The Senate Appropriations Committee has approved $8.7 billion to go to the Corps of Engineers civil works programs for FY22. The full House has already approved funding legislation that provides just slightly less (about $40 million), so the final total when differences between the two bills are resolved should be nearly $2 billion above the President’s request. The Senate committee notes that the expenditure on the Corps achieves a 12:1 BCR. Both bills contain earmarks, but each also leaves significant funding that will have to be allocated by the Corps in a Work Plan.
Here are the highlights of the Senate committee’s bill –
$2.050 billion for deep draft navigation based on the expenditure of increased Harbor Maintenance Trust Fund monies.
Local sponsors who elect to advance all the funds needed to construct a project will have to wait for reimbursement until after all construction is completed. Federal funds to reimburse them will be designated as “new starts” and will have to compete with other Corps construction projects in regular appropriations bills.
Investigations funding would stay the same as the current year ($153 million). While the Committee provided $9.5 million for studies not earmarked by the President or Congress, this is the first year that no part of those additional funds has been walled off for shore protection (the term Congress uses for beach nourishment). The Committee provided $11 million for Planning Assistance to States, $3 million more than President Biden requested, and reminded the Corps that coastal resilience is an appropriate use for this technical assistance program. The Committee also urged the Corps “to work with local governments to incorporate flexibility…that allows for incremental acquisition of easements necessary for scheduled nourishments.”
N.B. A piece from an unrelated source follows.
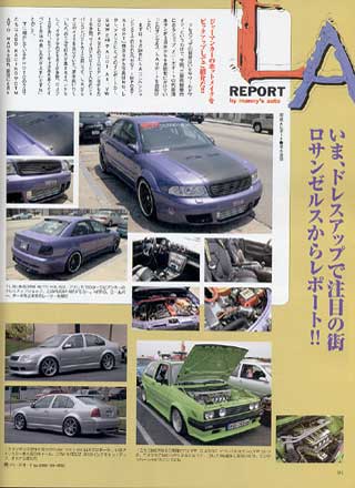 いま、ドレスアップで注目の街ロサンゼルスからレポート! 写真&レポート●清水浩司 ジャーマンカーのホットメイクをピックアップしてご紹介だ!! ドレスアップの世界は、今やワールドワイド。というわけで、 今回、三重県鈴鹿市にあるショップ、メニーズオートの代表 清水サンが5月末から6月初旬にかけていったロサンゼルス、 L.Aレポートをお届けしたい。 |

The Corps’ Construction account would receive $3.002 billion, roughly a 10 percent increase over the current fiscal year, with strong support for all of the Continuing Authorities Programs. $20 million of additional funding is provided for shore protection construction. The Committee nixed a $10 million administration request for what it called the Innovative Funding Partnerships Program which appeared too much to reward local sponsors for providing funds in excess of their cost-share
The Operation and Maintenance account would get $4.68 billion, over $1 billion more than the President requested for dredging and other navigation needs. Under this account, the Committee plussed-up the Corps’ Regional Sediment Management Program to $6.7 million, compared to the administration’s $100 million recommendation. It also urged the Corps “to provide states with guidance and recommendations to implement cost effective measures and planning for sand management. A new Engineering with Nature program would get $12.5 million.